The arithmetic device 17 processes the codes received from the input of the memory 16: scaling by speed and acceleration, translating the acceleration in rad / s ² or kilowatts (horsepower), combined modulo acceleration acceleration and coasting, as well as from block 18 normalization; dividing the measured acceleration value by an amount equal to the standard acceleration value for the controlled engine brand corresponding to the rated nominal speed of rotation, converting fixed points in terms of speed to relative units (assigning the measured speed to a value corresponding to the nominal speed). Block 18 normalization (master) is a storage device in the cells of which are stored codes of numbers corresponding to the standard values of accelerations at the nominal speed and nominal speeds of various brands and modifications of engines. The selection of these numbers for submission to the arithmetic device 17 is carried out by the operator. The registrar 19 displays the measured values of the accelerations in relative units and corresponding to them in a relative scale, fixed values of rotational speeds.
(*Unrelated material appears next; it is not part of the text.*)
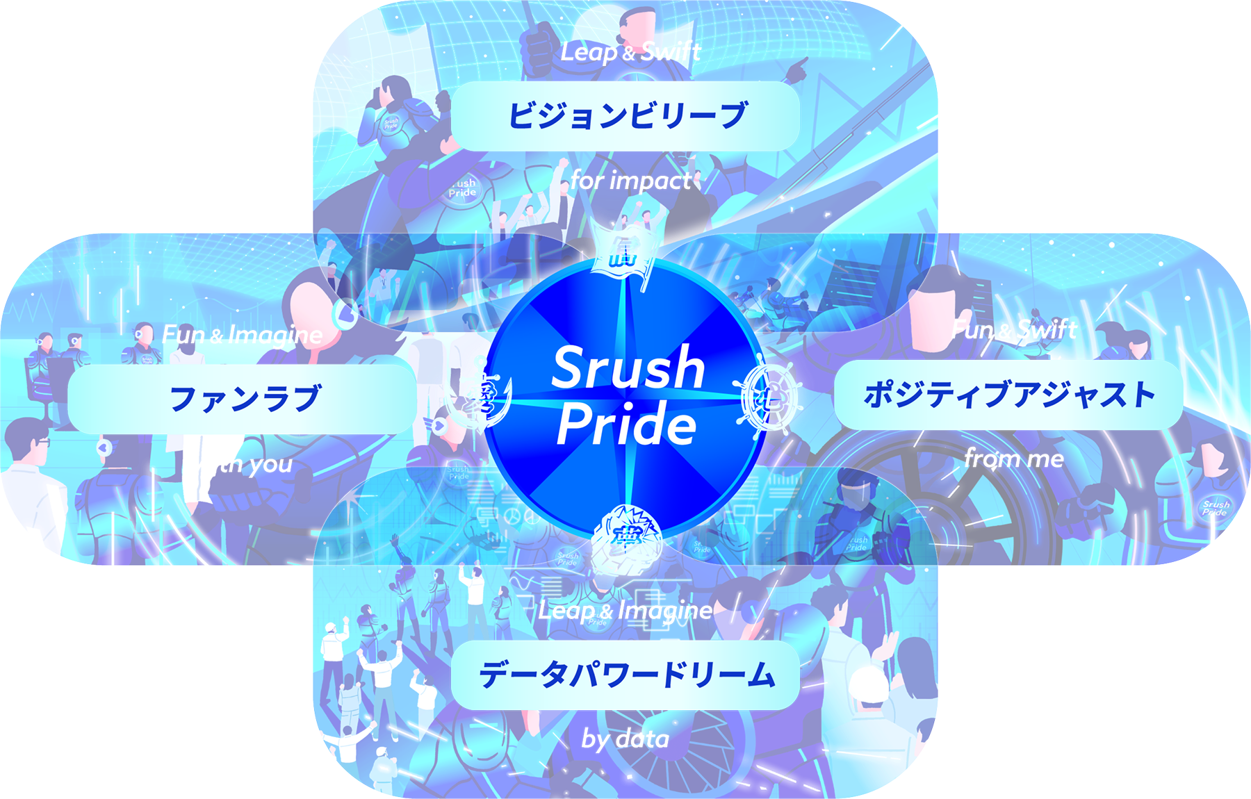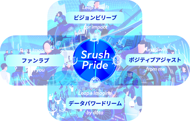 我々が定義するプライドとは、予測不能な変化を見せるデータの海の航海を乗り越えて、目的地へ到達するために絶対に必要な要素です。クルー達がこの4つを航海の羅針盤にすることで、この航海を必ず成功させる。私たちはそれを、Srush Prideと呼ぶ。

The proposed device improves the accuracy and efficiency of determining the dependence of the power of the internal combustion engine on the rotational speed and reduces the complexity of diagnosing engines.

Claims (3)

Claim 1. A device for determining the dependence of the power of an internal combustion engine on a rotational speed, comprising a pulse sensor, a pulse shaper, a rotational speed meter, an angular acceleration meter, an identification unit containing a comparator with three inputs and an output, a counter and a software device including a master oscillator divider with two outputs and an input and output and a key with two inputs, and 10 U ^v F ^of ystvo comprises a storage device with three inputs and output, an arithmetic unit and a register a torus, and the pulse sensor is connected in series with the pulse shaper, the output of the rotational speed meter is connected to the input of the angular acceleration meter and the third input of the comparator, the master oscillator is connected to the first input of the key and the input of the divider, the first output of which is connected to the second input of the key, and the second 20 the output is with the first input of the comparator, the key output is connected to a counter, the output of which is connected to the second input of the comparator and the first input of the storage device, the second input of which is connected to the ₂ output of the comp arator, the output of the angular acceleration meter is connected to the third input of the storage device, the output of which through an arithmetic device is connected to the input of the recorder, characterized in that, in order to improve accuracy, 30 the device further comprises a moving averaging unit and a normalization unit, and an angular acceleration meter and arithmetic the device comprises an additional input, the input of the moving averaging unit being connected to the output of the pulse generator, and the output to the input of the speed meter I, the forming unit is connected to the additional input of the arithmetic device, and the output of the comparator is connected to the additional input of the angular acceleration meter. 2. The device according to π. 1, characterized in that the moving averaging unit is made in the form of a series-connected time interval meter, an averaging memory device and an arithmetic averaging device. 3. The device according to paragraphs. 1 and 2, characterized in that the rolling averaging unit is made with an averaging time equal to the engine cycle and sequential 50 by a shift by the interval between adjacent corner marks of the engine speed.